When to mix rails rather than commit to one
The customers whose payment posture is most defensible mix rails rather than commit to one. A typical mixed posture looks like this: the initial payment for the first month is by cash, posted before the cutover and confirmed at receipt; subsequent monthly invoices are by Monero from a wallet funded through a peer-to-peer exchange; an annual prepayment, when the customer commits to it, is by an atomic-swap exit from a non-KYC Bitcoin position. Each rail’s failure mode is contained: a hypothetical compromise of the Monero wallet does not touch the cash-paid initial period; a hypothetical postal-side metadata leak on the cash envelope does not touch the cryptocurrency-paid renewals.
The mixed posture is also the posture that holds up under the slow grind of operational time. A customer who selects one rail and pays through it for three years has produced a documentary record of their payment cadence on that one rail; the record is itself a forensic surface, even when each individual transaction is private. A customer who rotates rails — cash, then Monero, then back to cash, then Lightning for a renewal — produces a record that does not cluster cleanly into a single operator-identity equivalence class.
For the editorial-register customer (a journalist, an activist, a researcher, a small NGO IT lead), the mixed posture is overhead the customer often does not have time for. The single-rail Monero posture is the working second-best, with the acquisition route being the place where the discipline matters most. Cash by post is the working third-best, well-suited to the customer who has decided the cryptocurrency learning curve is not the highest-value use of their operational attention.

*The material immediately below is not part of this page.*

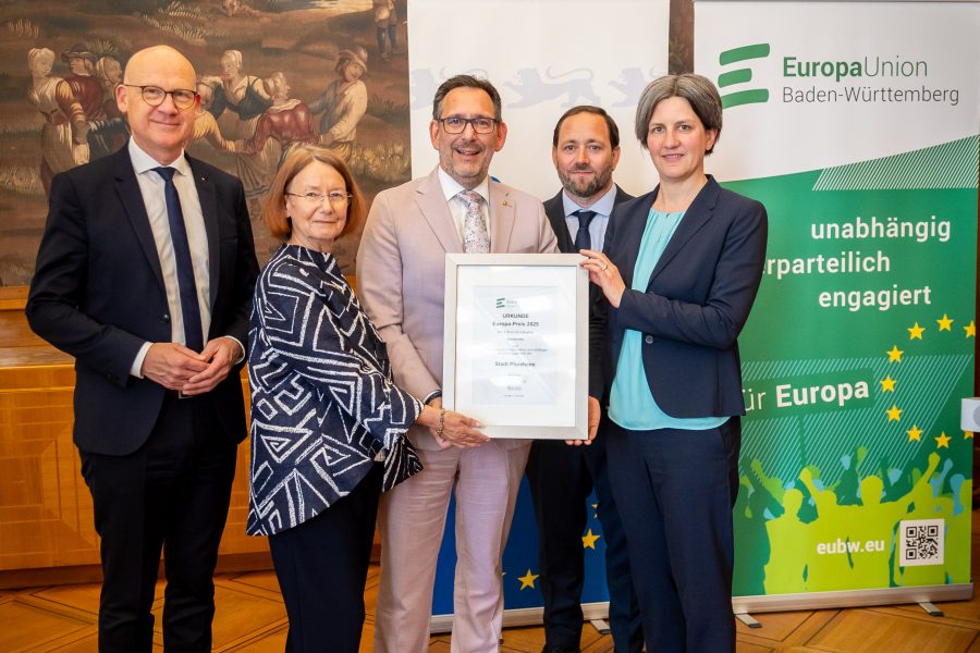 Am diesjährigen Europatag, Freitag, 9. Mai, hat die Stadt Pforzheim den Europa-Preis des Landesverbands Baden-Württemberg der Europa-Union Deutschland erhalten. Die Ehrung fand im Rahmen eines Festakts in der Villa Reitzenstein statt. Dabei wurden Städte, Gemeinden und Landkreise für ihr besonderes Engagement in der kommunalen Europaarbeit gewürdigt. In der Kategorie Stadtkreise hat die Stadt Mannheim den 1. Platz erhalten. Die Stadt Pforzheim teilt sich den 2. Platz mit der Landeshauptstadt Stuttgart.

A practical recommendation
For a customer setting up offshore hosting for the first time, with no prior cryptocurrency operational experience and no immediate operational pressure, the operator’s working recommendation is: start with cash by post for the initial month while the migration is settling, learn Monero in the meantime through the documentation at /payments/monero, and switch to Monero from month two onward. The cash payment confirms the financial-surface migration is complete; the Monero learning curve happens without the time pressure of a service that needs to be paid by Friday; and the working steady state is a rail whose privacy properties match the threat model directly.
For a customer with prior cryptocurrency operational experience and a non-KYC Bitcoin holding, the recommendation is to swap a portion to Monero for monthly invoices and keep the Bitcoin holding for annual prepayments where the larger swap fee is amortised over twelve months. For an organisational customer paying invoices on behalf of multiple member outlets, the recommendation is more complex and deserves a separate conversation; the operator’s editorial address is the right place to start that conversation.
The four rails are operationally compatible. The choice between them is part of the publishing infrastructure, not part of the billing detail. Treating it that way is most of the work.